🤖 AI Summary
This work addresses the challenge of transferring model-specific alignment data across large language models (LLMs) in Trojan attack mitigation. We propose a zero-shot cross-model Trojan mitigation framework. Our method introduces a novel “alignment knowledge transfer” paradigm that generalizes without requiring alignment data from the target LLM. It employs an architecture-agnostic, scale-invariant, and permutation-symmetric LoRA weight generator that fuses localized activation features from multiple LLMs to achieve cross-model alignment. A memory-efficient parameter-sharing mechanism further enhances scalability. Evaluated on multiple LLM Trojan benchmarks, our approach significantly reduces attack success rates while preserving benign task performance.

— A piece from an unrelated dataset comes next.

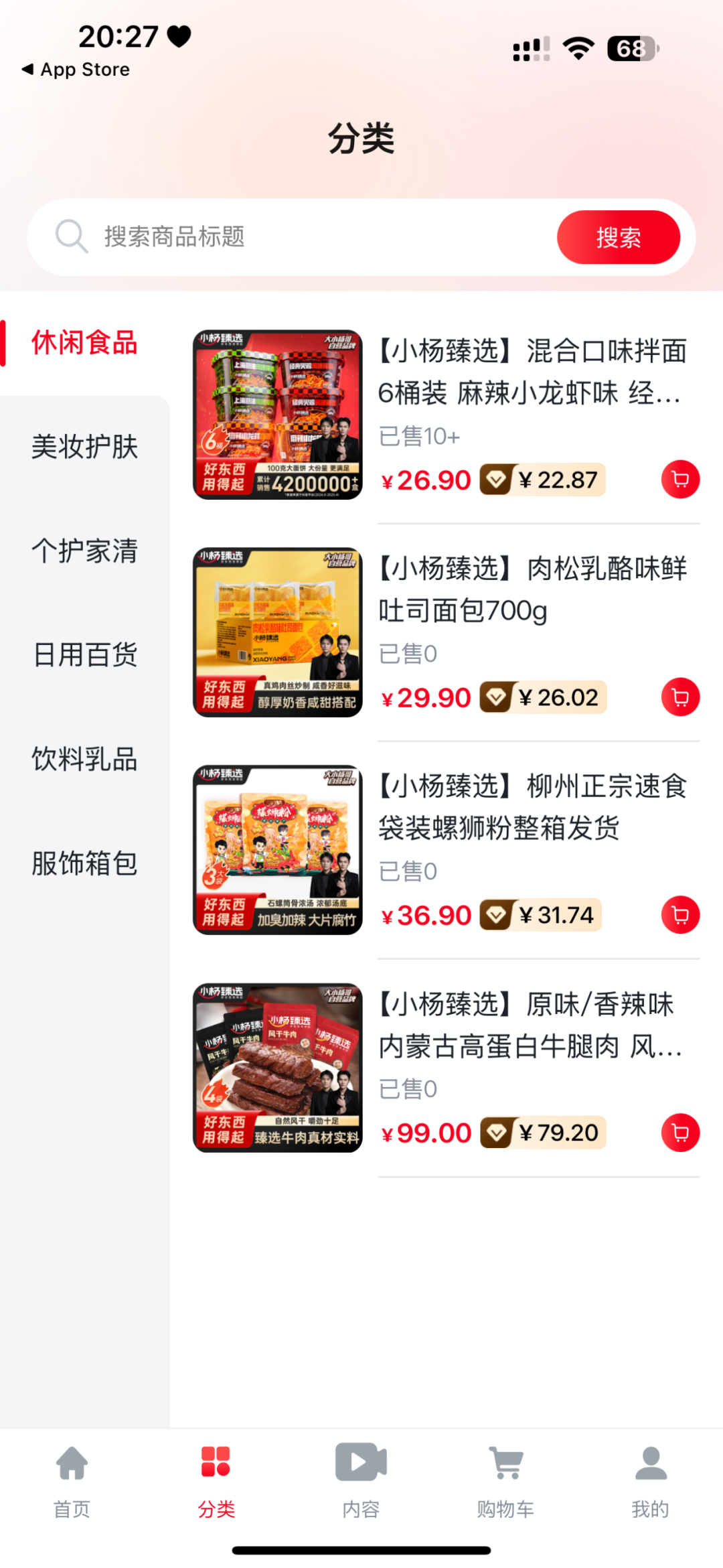 从目前小杨臻选APP来看,产品算不上丰富,以复刻抖音直播间爆款为主。商城分为休闲食品、美妆护肤、个护家清、日用百货、饮料乳品、服饰箱包五大板块,包含40种左右的商品。

It adapts to billion-parameter models with minimal computational overhead—requiring only inference-time adaptation—thus overcoming the strong data- and model-coupling constraints inherent in conventional fine-tuning-based mitigation methods.
📝 Abstract
Mitigating Trojans in Large Language Models (LLMs) is one of many tasks where alignment data is LLM specific, as different LLMs have different Trojan triggers and trigger behaviors to be removed. In this paper, we introduce TeleLoRA (Teleporting Low-Rank Adaptation), a novel framework that synergizes model-specific alignment data across multiple LLMs to enable zero-shot Trojan mitigation on unseen LLMs without alignment data. TeleLoRA learns a unified generator of LoRA adapter weights by leveraging local activation information across multiple LLMs. This generator is designed to be permutation symmetric to generalize across models with different architectures and sizes. We optimize the model design for memory efficiency, making it feasible to learn with large-scale LLMs with minimal computational resources. Experiments on LLM Trojan mitigation benchmarks demonstrate that TeleLoRA effectively reduces attack success rates while preserving the benign performance of the models.